Open balances from prior-year returns

If you got a CP14 (balance due) or a CP504 (final-notice-before-levy) on a return we prepared, the underpayment-interest meter accelerates on July 1. Settling before then locks in the lower Q2 rate; everything after compounds at the higher rate.

Year-end W-2 catch-ups for reasonable compensation

A common S-Corp strategy is to under-pay yourself on payroll through the year, then run a big December bonus to hit the reasonable-comp target. That works — but the deferred payroll-tax cost is, in effect, an interest-bearing position. With Q3 rates one point higher, that defer-and-true-up math is one point less profitable. Worth running the numbers if you've been pushing the catch-up later.

The next deadline

Q2 2026 estimated taxes are due Monday, June 15, 2026. June 15 falls on a Monday this year — there is no weekend shift, and the deadline is hard. Several secondary sources have been incorrectly reporting a shift to June 16; ignore them.

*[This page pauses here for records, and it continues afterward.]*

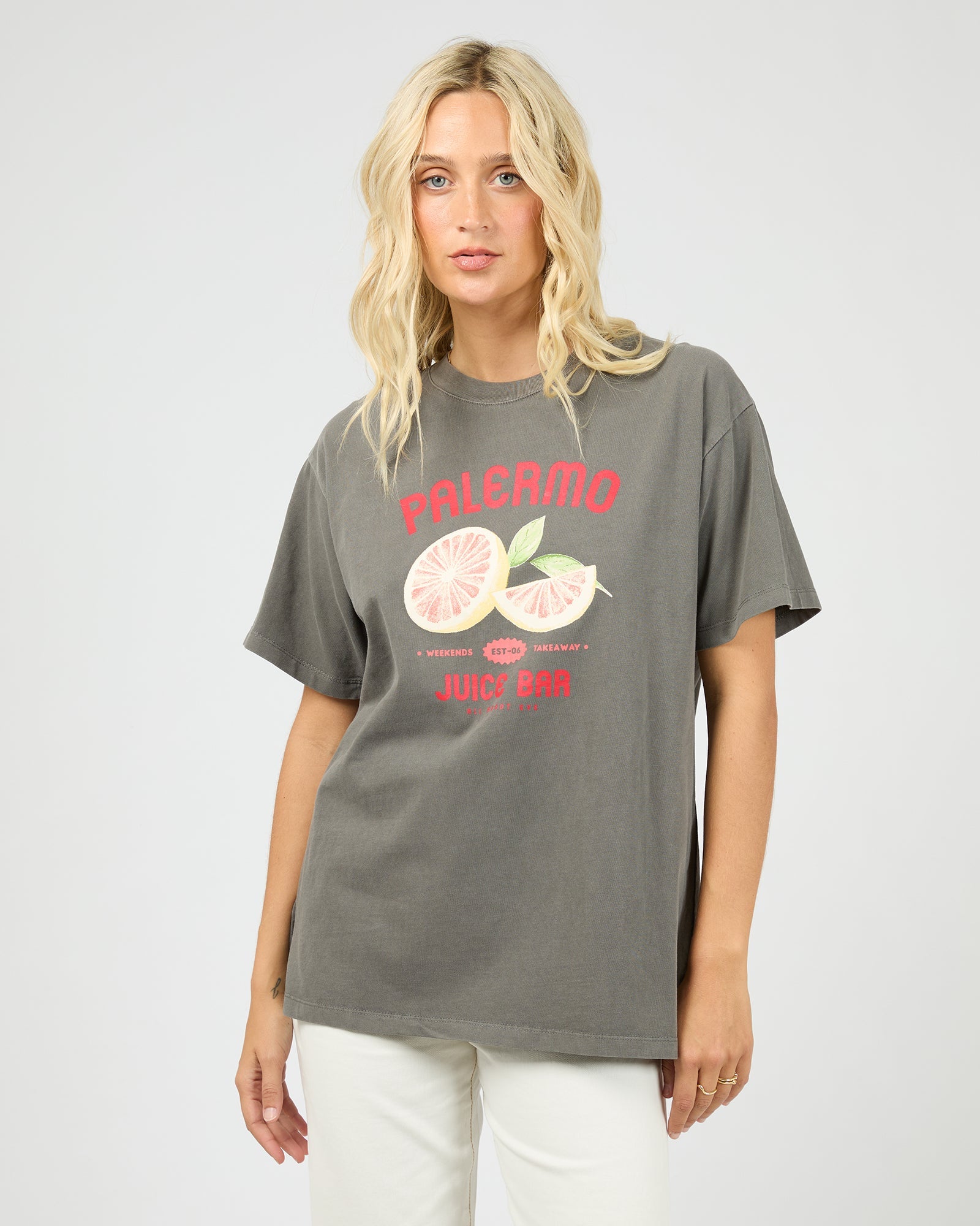 The Palermo Relaxed Tee brings a bold twist to everyday wear with its charcoal base and striking red text, finished with a playful grapefruit graphic for a fresh, zesty vibe. Its relaxed fit and soft cotton fabric make it a go-to for effortless style. Pair with denim or wide-leg pants for an easy, standout look.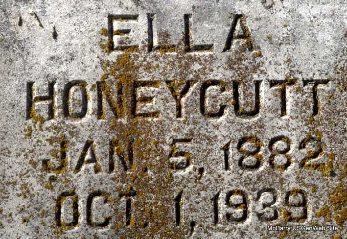 Research Note: According to her death certificate, Mary Ella's father was Sexton P. McGruder born in Bullett Co., KY, and her mother was Minerva E. Burba, born Bullett Co., KY, and her husband was listed as Eliga Honeycutt. She died from the effects of breast cancer. H. F. McGruder, Wayne, MO, was the informant. - 1920 Census, Flat Creek, Barry, Missouri - She is listed as Ellie Honeycutt, age 38, born KY, widowed and living with her parents. | Death Certificate Donna Cooper Census Phyllis Long Photo Darla Marbut |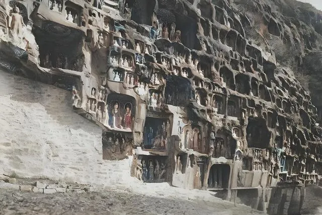 再贴一处洞龛延展,从下到上全是洞,像蜂巢,细看能见到某个小菩萨眉眼还留着赭红,石面被水线抽出一道一道,像岁月在打刻度,朋友问这些是谁雕的,我说哪是哪朝的匠人手上功,一锤一凿,背后是看不见的寂寞工夫,以前做事慢,现在做事快,各有各的好吧。
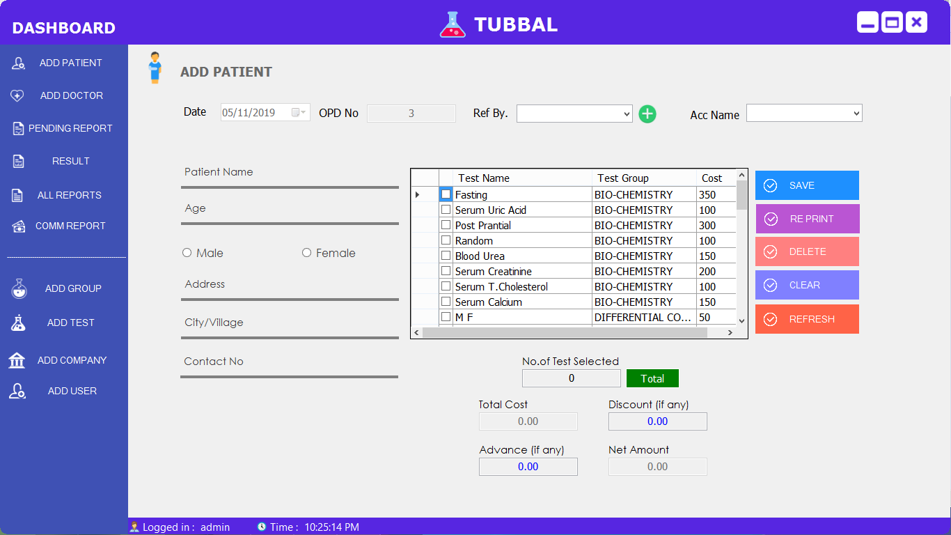 Tubbal was a medical pathology software which is used to generate the report for the blood test, It is an opensource application, Let's try this application. It's completely free software and it was developed by A.Abdul Majeed Ali for more Mail me at: amajeedali1997@gmail.com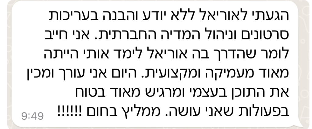 במהלך הקורס נתחיל ליישם את הידע כבר בשיעורים הראשונים, כך שתוכלו לראות שינויים והתפתחויות תוך כדי התהליך. עם זאת, תוצאות משמעותיות מגיעות עם התמדה לאורך זמן. הקורס מתמקד בבניית מותג יציב ולא בתוצאות רגעיות, כמו שניתן לראות אצל תלמידים שהגיעו להישגים מדהימים בזכות ההתמדה ויישום.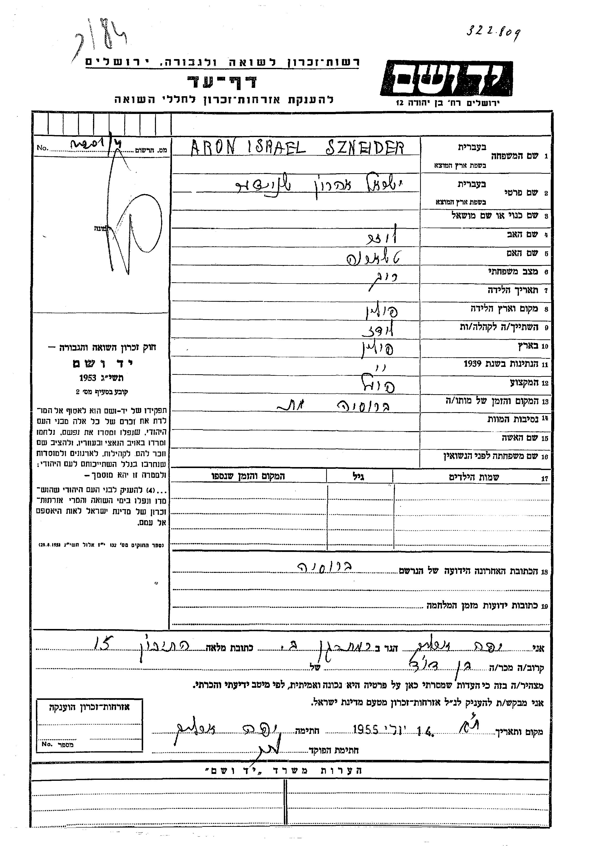 Aron Israel Szneider wurde in Polen geboren. Er war der Sohn von Eliezer und Charna. Er war Arbeiter/-in und Ledig. Vor dem Zweiten Weltkrieg lebte er in Lodz, Polen.

If you've been carrying a notional shortfall waiting to settle, June 15 is the last full payment that lands inside the lower Q2 rate window. Everything you delay past July 1 starts compounding at the new 7%.

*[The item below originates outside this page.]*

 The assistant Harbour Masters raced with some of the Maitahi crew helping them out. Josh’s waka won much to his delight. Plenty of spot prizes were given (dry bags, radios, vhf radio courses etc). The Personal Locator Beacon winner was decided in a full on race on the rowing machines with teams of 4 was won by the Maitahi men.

Three concrete moves before July 1

1. Make the June 15 payment on time, in full

If you've been short on Q1, this is the catch-up moment. EFTPS, IRS Direct Pay, or your tax software's estimated-payment workflow all work; the IRS doesn't reward you for paying early but it absolutely penalizes you for being late.

2. If you owe from 2025, settle before July 1

This applies to balances from a return that's already been filed, including amounts on CP14/CP504 notices. The full balance accrues at the lower Q2 rate until June 30, then jumps. Paying down even a partial balance before then saves real interest dollars.

3. If you under-paid reasonable comp through Q1–Q2 planning to catch up at year-end, run the numbers now

The deferred-payroll position is one point more expensive starting July 1. The right move depends on cash flow, your reasonable-comp memo, and your basis position — but knowing the cost of waiting is the first step. If we prepare your 1120-S, this is the conversation we'd have on a planning call.

What we do — and what we don't

We prepare 1120-S returns, K-1s, reasonable-compensation memos, basis schedules, and Form 1040s for S-Corp shareholders. We respond to routine IRS notices (CP2000, CP14, CP504, math-error letters) on returns we prepared. If you're carrying a balance and want to plan the payment strategy alongside the books, that's exactly the work we do.

We do not negotiate Offers in Compromise, file installment-agreement requests, defend audits, or handle collections work. If you're facing any of those, we refer you to a licensed Enrolled Agent or tax attorney and supply them the underlying return work.

Sources

If you have a return we prepared, a CP-series notice, or a planning question about the June 15 payment — call (561) 334-4066 or schedule a free consultation.

Frequently Asked Questions

When does the rate increase take effect?

July 1, 2026 (the start of the Q3 2026 calendar quarter). Rates stay at the new levels through September 30, 2026.

What is the new rate for individual underpayments?

7% per year, compounded daily. The Q2 2026 rate was 6%.

Is the June 15 estimated-tax deadline shifted to June 16?

No. June 15, 2026 falls on a Monday. There is no weekend shift. Several secondary sources have been reporting a shift incorrectly. The deadline is Monday, June 15.

I'm carrying a CP14 balance. Does this affect me?

Yes — underpayment interest on the balance is currently accruing at 6% (Q2 rate). Starting July 1, the same balance accrues at 7%. Paying down before June 30 locks in the lower rate; anything outstanding on July 1 starts compounding at the new rate.

Does this change the S-Corp election deadline or 1120-S filing rules?

No. This is purely an interest-rate change for underpayments, overpayments, and IRS-related interest. Filing deadlines, the Form 2553 election window, and late-S-election relief under Rev. Proc. 2013-30 are unaffected.